北陸新幹線の敦賀〜大阪間のルートは、1973年に国が定めた新幹線整備計画において、北陸新幹線は東京〜大阪間で「長野市付近、富山市付近、小浜市付近を経由する」と明記されている。それが国益に沿うと判断されたからだ。しかし、この原則に反するルートがわき起こった。そのきっかけは1999年5月のJR西日本社長発言だ。「建設費を考慮すると米原接続が現実的」という。
JR西日本は運営主体予定者である。国鉄からJRに経営形態が変わった。高コストで建設されると、線路使用料の負担が大きくなる。その発言は説得力があった。そして1999年という時期にも注目だ。バブル経済が崩壊し、日本の1990年代は景気後退の沼の中だ。後に「失われた20年」と呼ばれる時期であった。
深刻な経済不況の中で、高コストな整備計画の基本ルートは揺らいだ。その結果として、2013年に「若狭湾沿いの小浜市付近を経由して大阪に至るルート(小浜ルート)」だけではなく、「琵琶湖の西を経由して京都に至るルート(湖西ルート)」、「琵琶湖の東を経由して米原に至るルート(米原ルート)」の3案が政府与党のプロジェクトチームで検討されている。
以前のコラムでこの話題に触れた(関連記事)。その中で私は「国は国土の将来を見据えて、小浜ルートの整備に着手すべきだ」と結論を述べた。この考えは今も揺るぎない。
あれから3年。北陸新幹線ルートはさらに混乱している。その遠因は「東海道新幹線の二重化」という役割が薄れたからでもある。JR東海が独自にリニア中央新幹線を着工し、大阪延伸も視野に入った今となっては、「東海道新幹線の二重化」の意義も小さい。北陸新幹線は、北陸地域と東京・大阪を結ぶ意味合いが強くなった。

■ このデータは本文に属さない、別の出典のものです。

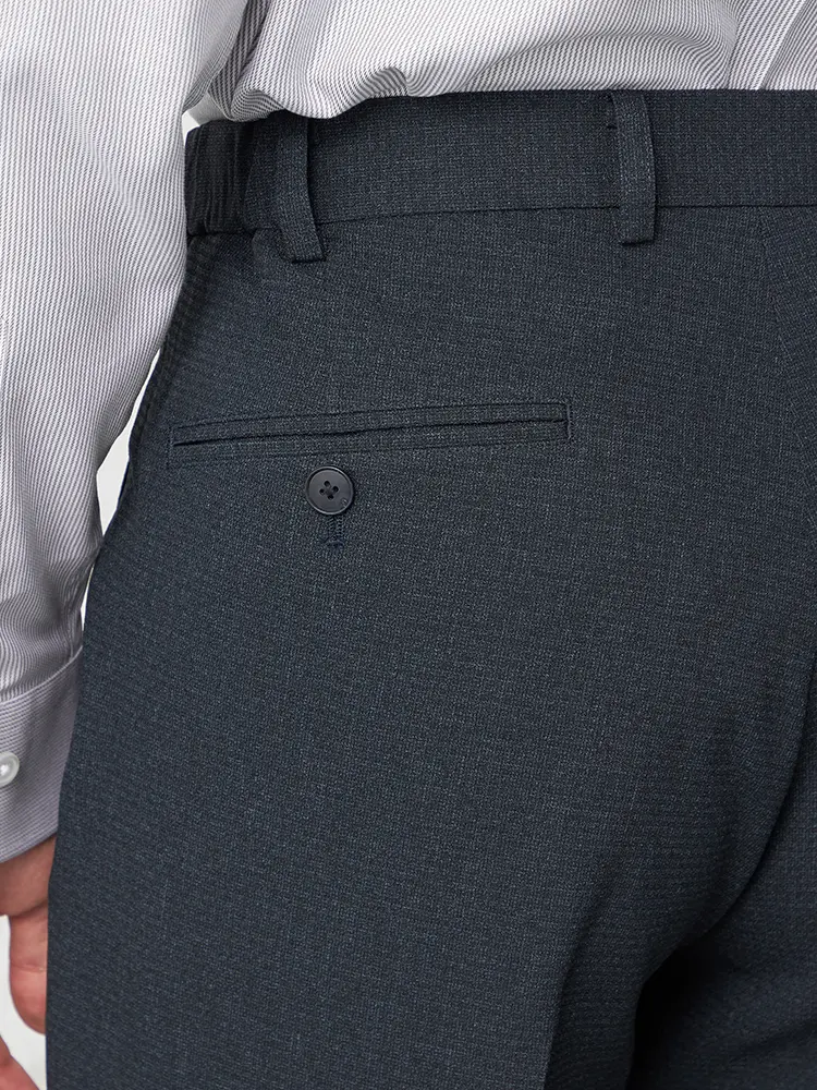 パンツの腰回りに生地の折り込みがなく、スッキリとしたシルエットを実現します。シンプルで洗練された印象を与え、すっきりとした着こなしが可能です。

その結果、さらに2つのルートが提案され、5ルートになった。政府与党のプロジェクトチームは5月をめどに3案に絞り、年内に決着させたいという。3年経っても選択肢の数が変わらないという状況に呆れる。
ただし、新たなルートとしてJR西日本が提案する「小浜〜京都〜大阪」ルートは、小浜ルートの改良案として評価したい。もう1つの「舞鶴〜京都〜関空」ルートは、北陸新幹線ルートとしては話にならない。